1.9.8.4. – La favola di W.S.
Di Francesco Giuffré
con Giovanni Carta, Camillo Grassi, Massimiliano Mecca, Marta Nuti
Dall’8 al 20 maggio 2012
Teatro Argot Studio – Roma
In uno dei suoi più celebri romanzi, 1984., scritto nel ‘48, Orwell profetizza la catastrofe di un’umanità totalmente asservita al potere, talmente privata della sua personalità, della bellezza della diversità – che spesso si esprime con il dissenso – da divenire vuoto involucro, mero contenitore delle idee del partito, il Grande Fratello.
Francesco Giuffré, regista di 1.9.8.4. – La favola di W.S., rimane piuttosto fedele alla trama del testo e la traspone sulla scena con un’intelligenza e un acume da non sottovalutare, utilizzando artifici semplici, ma molto efficaci a livello emotivo, su una scena essenziale e strategicamente mutevole.
Sul palco, in alto, domina il grande occhio, che tutto vede e controlla, creando nello spettatore una sorta di imbarazzo, di senso di disagio.
Su un grande schermo vengono proiettate graziose immagini in bianco e nero, stile anni ’50, gremite di visi sorridenti e di persone in movimento. Seduti, davanti allo schermo, un uomo e una donna mugugnano ricordi appena udibili, intrecciati al suono di una musica leggera. I ricordi sono la nostra essenza. Poi tutto ammutolisce.

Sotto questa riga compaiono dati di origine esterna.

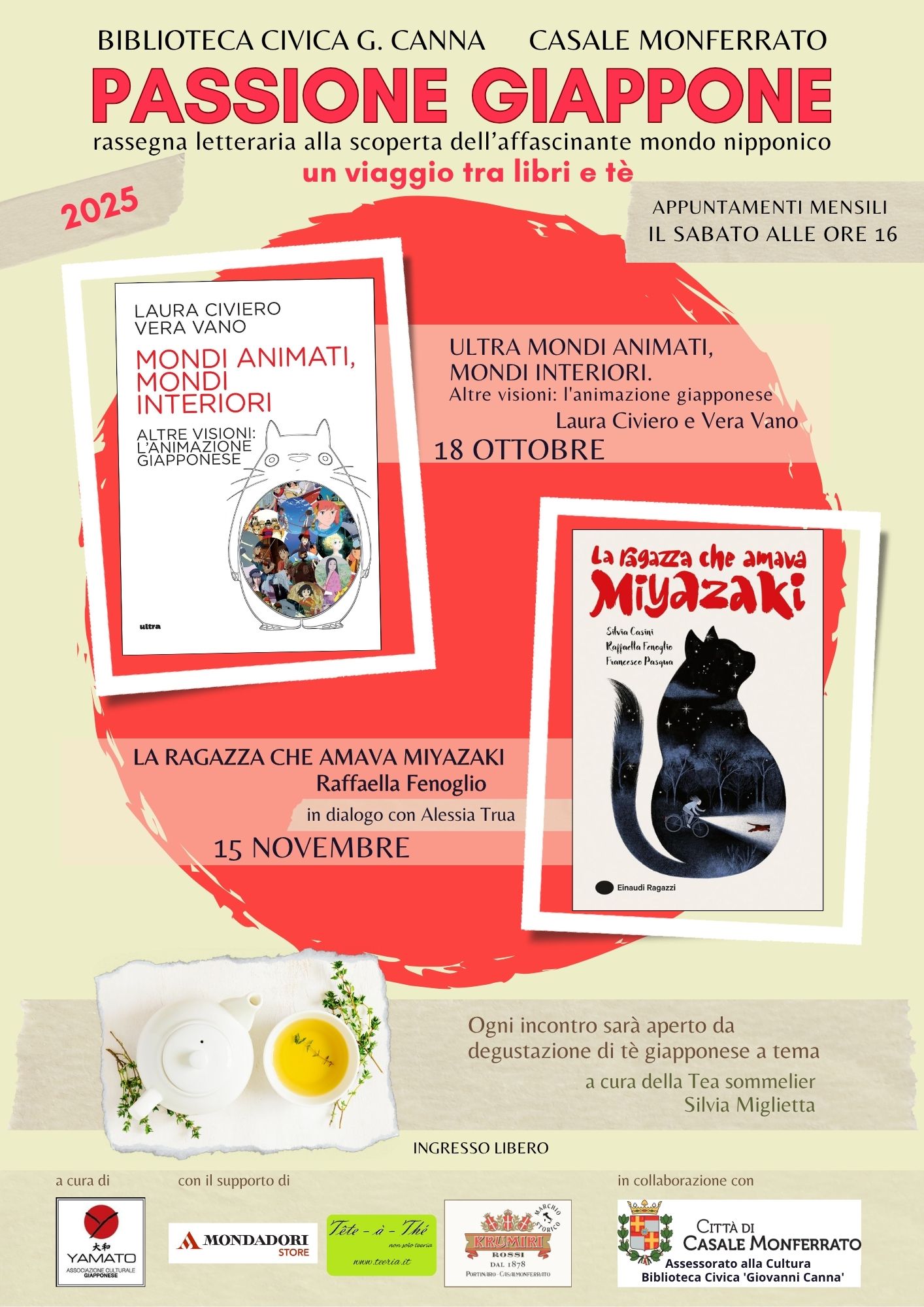 - Presso la Biblioteca Civica G. Canna prosegue la rassegna "Passione Giappone, un viaggio tra libri e tè" (sabato); per maggiori informazioni clicca qui

Arriva, trascinando un vecchio teatrino, un povero cristo nudo e piangente al quale basta ricevere un po’ di autorità per trasformarsi in un clown arrogante e cinico, ridicolo nel suo ruolo di dominatore: una sorta di burattinaio a servizio dei potenti, che muove le fila degli iscritti al Partito. Richiama alla mente l’arroganza del politico ignorante. Ieri come oggi.

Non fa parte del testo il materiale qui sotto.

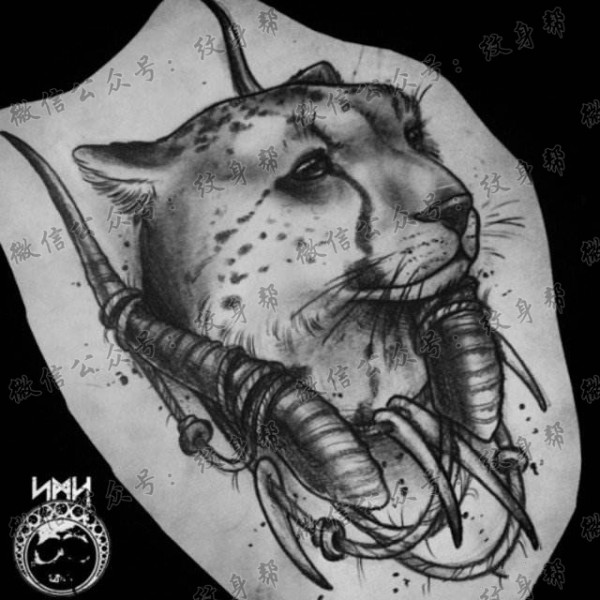 一组11张豹子纹身手稿套图

I membri applaudono, gridano di rabbia (solo 2 minuti, cronometrati, di aggressivi gesti al rallenty), pregano, lavorano a comando, in una sincronia perfetta di movimenti e suoni, come dei robot, degli automi mirabilmente addestrati a essere servi, passivi strumenti a servizio della casta, che sguazza nell’eterno disprezzo dei prolet, la massa. Il loro linguaggio è fatto di slogan (La guerra è pace, la libertà è schiavitù, l’ignoranza è forza!). Niente che abbia un’anima, nemmeno la lingua, deve rimanere in vita. Occorre ridurre al massimo la psicologia del pensiero. Ovviamente, lo psico-reato è il peggior crimine che si possa immaginare.
Winston lavora al Ministero della Verità, reparto Mistificazione della Realtà. Di giorno censura e altera i fatti, per farli corrispondere a quelli dettati dal Partito. Tuttavia, dentro di sé, la mente non si è spenta, è una lanterna fioca che non vuole morire. Il suo cuore palpita per la bella Giulia. Ha ancora dei ricordi, seppur vaghi e orribili, della sua famiglia d’origine.
Ma cosa può l’amore di fronte all’annientamento delle coscienze? Potrà mai un principio salvare l’umanità da questo inganno? Il complotto non può avere spazio nel progetto utopistico di una società senza cervello, senza linguaggio, senza corpo.
La stanza 101, quella della tortura, ci lascia intuire che per la libertà c’è sempre un caro prezzo da pagare, oggi come allora. Ci aggrappiamo tenacemente al pensiero di Winston, nella speranza che la previsione di Orwell non si avveri, non si sia già avverata. Non possono entrare dentro di te. Se riusciamo a combattere per salvare la nostra dignità, saremo riusciti a sconfiggerli.